• What you are asked to do:
Retype every line of the data below, starting with the first and ending with the line that contains "La lineup di", but leave out the pictures.

═════ Supplied data ═════

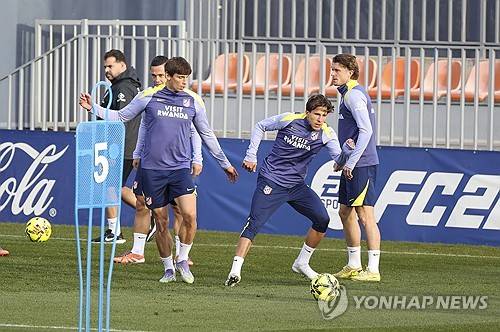 epa12562674 Atletico Madrid's players take part in a training session in Madrid, Spain, 01 December 2025. Atletico Madrid will face FC Barcelona in their Spanish LaLiga soccer match on 02 December. EPA/Victor Lerena EPA/Victor Lerena
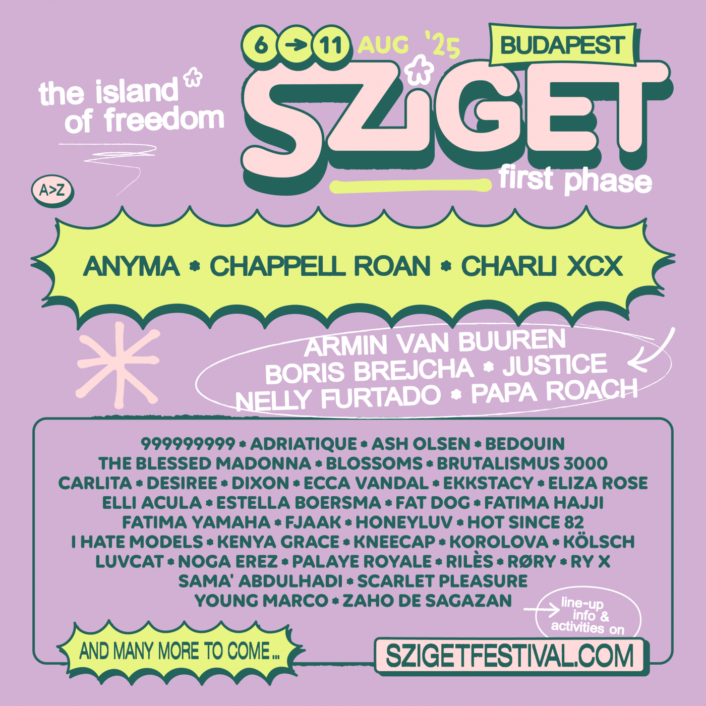 La lineup di Sziget Festival 2025 comprende una ricca selezione di artisti che abbracciano ogni genere musicale. La scena elettronica sarà dominata da giganti come Armin Van Buuren, Justice, Boris Brejcha, 999999999, I Hate Models, Fatima Yamaha, Adriatique, FJAAK. Spazio anche a nomi iconici e rivelazioni emergenti del pop che arricchiranno il panorama, a partire da Nelly Furtado, una delle star pop più amate al mondo, torna con un’attesissima performance. On stage anche Blossoms, RY X, Noga Erez, Kenya Grace, Scarlet Pleasure, Zaho de Sagazan, Fat Dog e EKKSTACY.
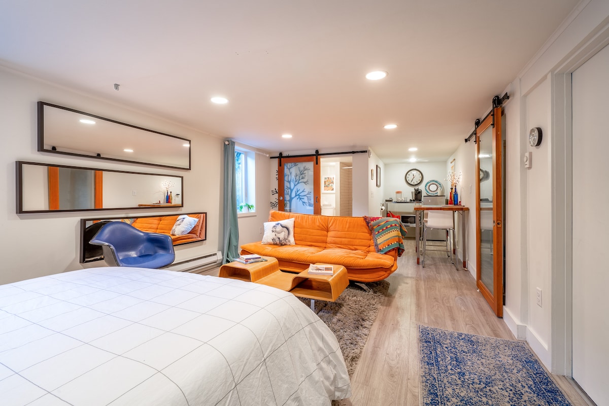✨ Elegante refugio SE Portland en el distrito de Hawthorne ✨ 🛏️ Acogedor dormitorio con cama tamaño queen. 🍳 Cocina completa con lavavajillas y cafetera 🛋️ Televisión por cable y wifi rápido 💻 Espacio de trabajo apto para computadoras portátiles para el trabajo a distancia 🐾 Apto para mascotas: trae a tu amigo peludo ❄️ Aire acondicionado y calefacción para una comodidad durante todo el año 🔒 Entrada privada: completamente tuya 🍽️ A pocos pasos de los mejores cafés, cervecerías y tiendas de Hawthorne. Estacionamiento gratuito en la calle.

═════

• Worked solution:
 epa12562674 Atletico Madrid's players take part in a training session in Madrid, Spain, 01 December 2025. Atletico Madrid will face FC Barcelona in their Spanish LaLiga soccer match on 02 December. EPA/Victor Lerena EPA/Victor Lerena
 La lineup di Sziget Festival 2025 comprende una ricca selezione di artisti che abbracciano ogni genere musicale. La scena elettronica sarà dominata da giganti come Armin Van Buuren, Justice, Boris Brejcha, 999999999, I Hate Models, Fatima Yamaha, Adriatique, FJAAK. Spazio anche a nomi iconici e rivelazioni emergenti del pop che arricchiranno il panorama, a partire da Nelly Furtado, una delle star pop più amate al mondo, torna con un’attesissima performance. On stage anche Blossoms, RY X, Noga Erez, Kenya Grace, Scarlet Pleasure, Zaho de Sagazan, Fat Dog e EKKSTACY.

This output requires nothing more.